プローブを動かしていると、白く丸い曲線が表れる。画面では全容が映らない大きさのそれに、ゆっくりプローブを動かせばどことなく凸凹のある様子に、昂志の目が釘付けになった。
「うん、赤ちゃん順調に育っているようだね」
「……赤、ん坊?」
先生の言葉に目を見開いた昂志がそう呟いた瞬間、白く丸いものから細長いものが出ているのが映る。
「!!」
それは、小さな小さな手だった。よく見れば、凸凹は頭と身体だ。白と黒しか色がない映像では顔もはっきり分からないが、握り拳を作っているように黒い画面の中でも見てとれ、機械の小さな起動音以外は静かな診察室に昂志の息を呑む音が響く。
「昂志?」
喉を鳴らして硬直したまま微動だにしない昂志に、俺は診察台の上から目だけを動かし様子を窺おうと見上げた。
「……た、かし?」
見上げた先、目の前にあるものが信じられなくて俺も目を見開く。
昂志は、泣いていた。
頬を伝い落ちる涙は静かで、一瞬自分の見間違いではないかと疑うが、指先に落ちてきた雫に見間違いでも幻覚でもない現実だと知る。

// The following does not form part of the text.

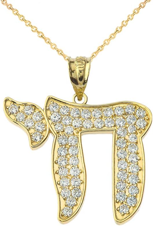 This 14k yellow gold charm pendant necklace features a 55 Diamond accented Hebrew word "Chai", meaning "life" or "living" and is often used as a visual symbol. The Jewish culture focuses on life; loving and celebrating life has been a part of Judaism. The word Chai has a lot of significance for Jews and it symbolizes the value of life and hope that sustains it. It also shows the personal will to live and a reminder to the Jews to live and protect life.Individually hand polished to a lasting high sheen polish finish.This pendant is both of unsurpassed quality and impressive design.

普段はきつくつり上がったその眼から、昂志はハラハラと涙を流していた。
「……昂志」
赤ちゃんのエコー画像に釘付けになっている昂志の指先に、そっと手を伸ばす。
よく分からないけど、昂志の手を握りたくなった。
手を伸ばした先、その指先に触れた瞬間、昂志の手に逆に握りこまれ驚く。
「ありがとう」
「!」
一言。それは、たった一言だった。
けれど、昂志が何を言いたいかそれだけで分かってしまい、俺の視界も歪む。
「……っ本当に、ありがとう」
「……、っ」
ぎゅっ、と左手を両手で握られ、俺は声もなく何度も頷いた。
確かに始めは赤ちゃんを産むかどうするか悩んだ。諦めないといけないものが多すぎたから。でも本来なら諦めないといけなかったものを、全部ではないけどお前は俺に与えてくれた。当たり前のものじゃないのに、当たり前みたいに。だから今、俺は赤ちゃんを産もうと決心してよかったと思えるんだ。相手が、お前だから。